## REQUIRED WORK
Begin at the line below that has "Give a heartfelt". Stop after the line that has "首先把小薯去皮切成段,如下图所示。", repeating each line exactly and leaving out the pictures.

## DATASET CONTENT
*** Block opens ***
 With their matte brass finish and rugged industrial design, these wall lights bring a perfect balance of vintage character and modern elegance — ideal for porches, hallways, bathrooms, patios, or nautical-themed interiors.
*** Block closes ***
*** Block opens ***
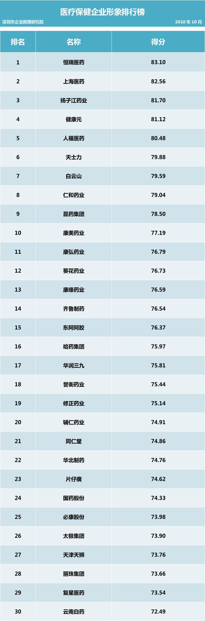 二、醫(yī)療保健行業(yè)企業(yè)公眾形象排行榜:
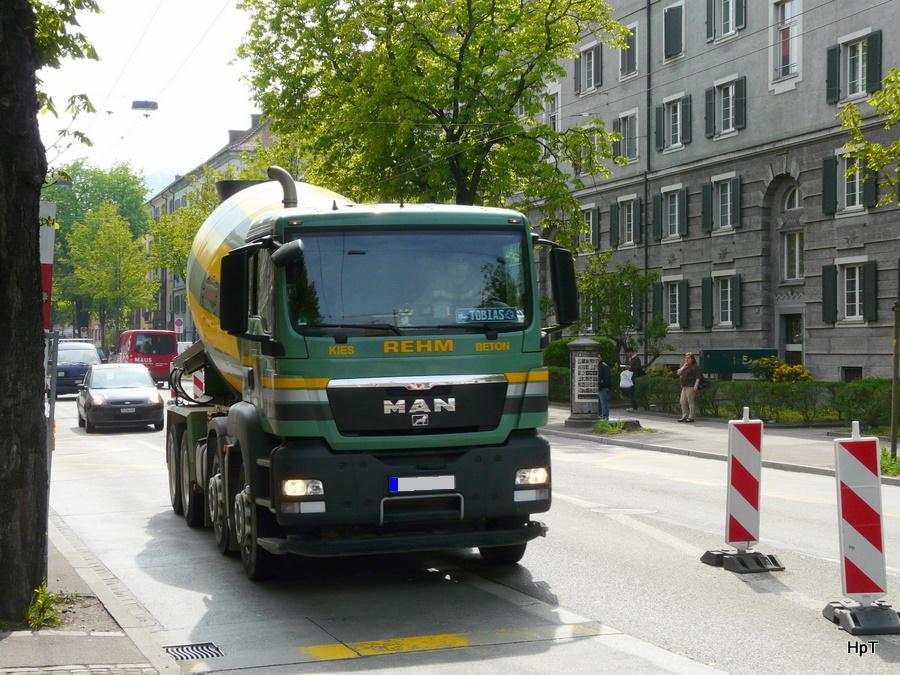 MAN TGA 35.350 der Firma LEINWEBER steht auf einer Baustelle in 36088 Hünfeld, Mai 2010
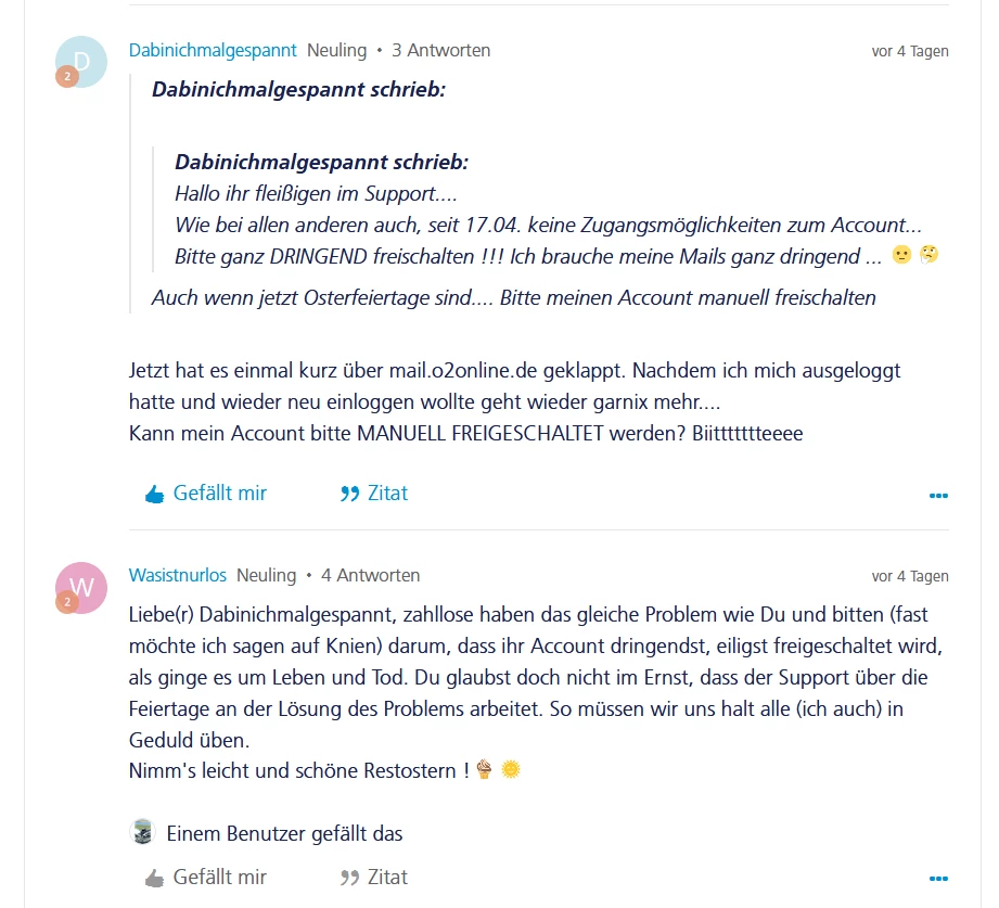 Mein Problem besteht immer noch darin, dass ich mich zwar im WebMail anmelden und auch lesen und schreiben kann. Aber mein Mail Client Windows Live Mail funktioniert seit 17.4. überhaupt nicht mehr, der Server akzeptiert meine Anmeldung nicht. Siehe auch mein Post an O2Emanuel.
*** Block closes ***
*** Block opens ***
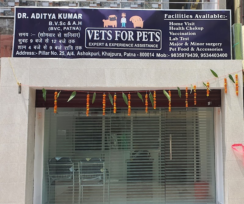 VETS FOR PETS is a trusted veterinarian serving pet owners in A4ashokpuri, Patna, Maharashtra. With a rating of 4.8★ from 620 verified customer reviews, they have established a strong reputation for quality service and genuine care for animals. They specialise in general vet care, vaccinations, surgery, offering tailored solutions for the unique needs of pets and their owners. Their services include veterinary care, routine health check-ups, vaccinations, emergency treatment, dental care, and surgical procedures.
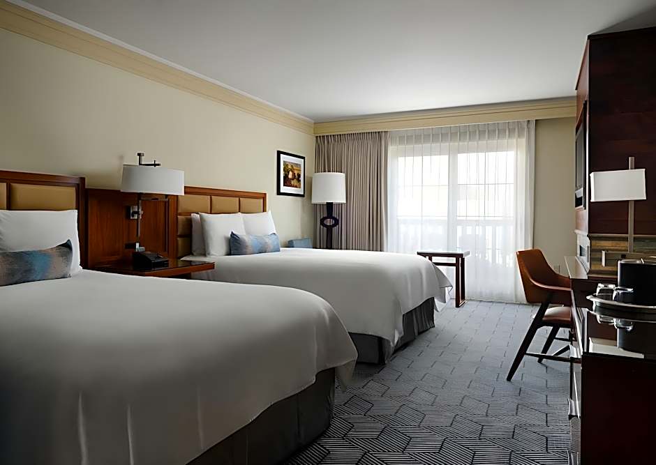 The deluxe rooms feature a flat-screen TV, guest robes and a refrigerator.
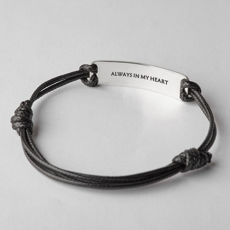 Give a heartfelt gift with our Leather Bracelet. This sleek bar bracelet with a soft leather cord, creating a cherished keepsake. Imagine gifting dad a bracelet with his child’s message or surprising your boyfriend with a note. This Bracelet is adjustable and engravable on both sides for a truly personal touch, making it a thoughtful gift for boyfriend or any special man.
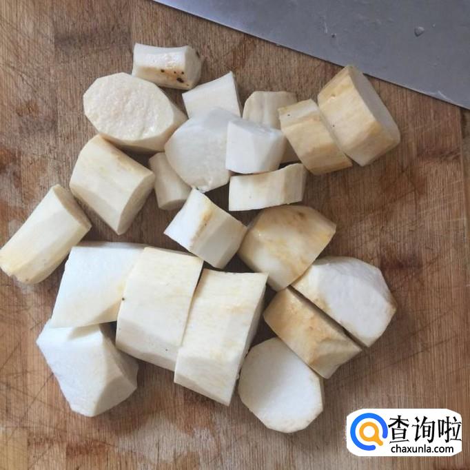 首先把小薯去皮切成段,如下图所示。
*** Block closes ***
## SOLUTION TO THIS TASK
 Give a heartfelt gift with our Leather Bracelet. This sleek bar bracelet with a soft leather cord, creating a cherished keepsake. Imagine gifting dad a bracelet with his child’s message or surprising your boyfriend with a note. This Bracelet is adjustable and engravable on both sides for a truly personal touch, making it a thoughtful gift for boyfriend or any special man.
 首先把小薯去皮切成段,如下图所示。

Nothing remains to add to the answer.